法律に明るいわけではないので、単なる茶飲み話と断っておきます。某国民放送局の職員が裏金を溜め込んで私的に使っていたことが明るみに出て以来、抗議の意思を持って受信料を払わない国民が増えているそうでして、2005年9月現在、契約をしていない、あるいは契約しているが不払いの合計は国民3人に1人にものぼるそうです。

これではこの先、経営が成り立たなくなる恐れがあると考えた某国民放送局は「体質改善・経営努力はいたします。が、支払っていただかなければ法的手段に訴え、裁判所から支払命令書を送ります」と、最後の切り札とも思える罰則というか、脅しをちらつかせ逆切れしてしまいました。

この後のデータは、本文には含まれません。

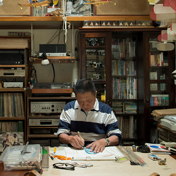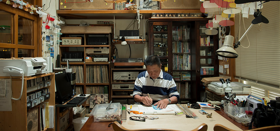 「必要なものはなんでも、自分たちでなんとかした」。戦後間もない時代に生まれた阿部和孝さんと千里さんご夫婦の生活は、チャレンジ精神に溢れている。ものづくりを趣味としてきたため、自宅の書斎には手づくりの模型飛行機から自転車、修理して使っているアンプ、Hondaの小型二輪車「モンキー」まで、あらゆるものが所狭しと並ぶ。

ということは「今まで支払わなかったことで罰を受けた人はなかったのか」初めて知ったのです。普通、滞納率3割になるまで放っておく民間企業なんてないやろ。なるほどねぇ、それでも十分やっていけるだけの収入があったってことやねぇ、さすが某国民放送局、建物と同じで余裕の大きさ。

仕組みがオモロ気なのでちょっとばかり調べてみると、☆テレビを設置したら契約意思の有無を問わず、契約内容の諾否を問わず、某国民放送局と受信契約を結ばなければならない☆受信契約を結んだが最期、受信料支払いの義務が生じる。これが大きな2本柱のようですね。今は罰則がないので不払いでも何らお咎めはないけど、これからは罰則を設けますよということらしいです。

ところがこの罰則「受信契約していて」支払いが滞っている「未払い」に対する罰で、同じく支払っていない未契約者は「未払い」ではなく罰は及ばないみたいなのです。つまりやねぇ、未契約者はまず契約者にならないことには受信料を支払うことができず、そのうえ、どの時点で契約するとは決められてないし、無契約の罰もないみたい、ケッタイななぁ。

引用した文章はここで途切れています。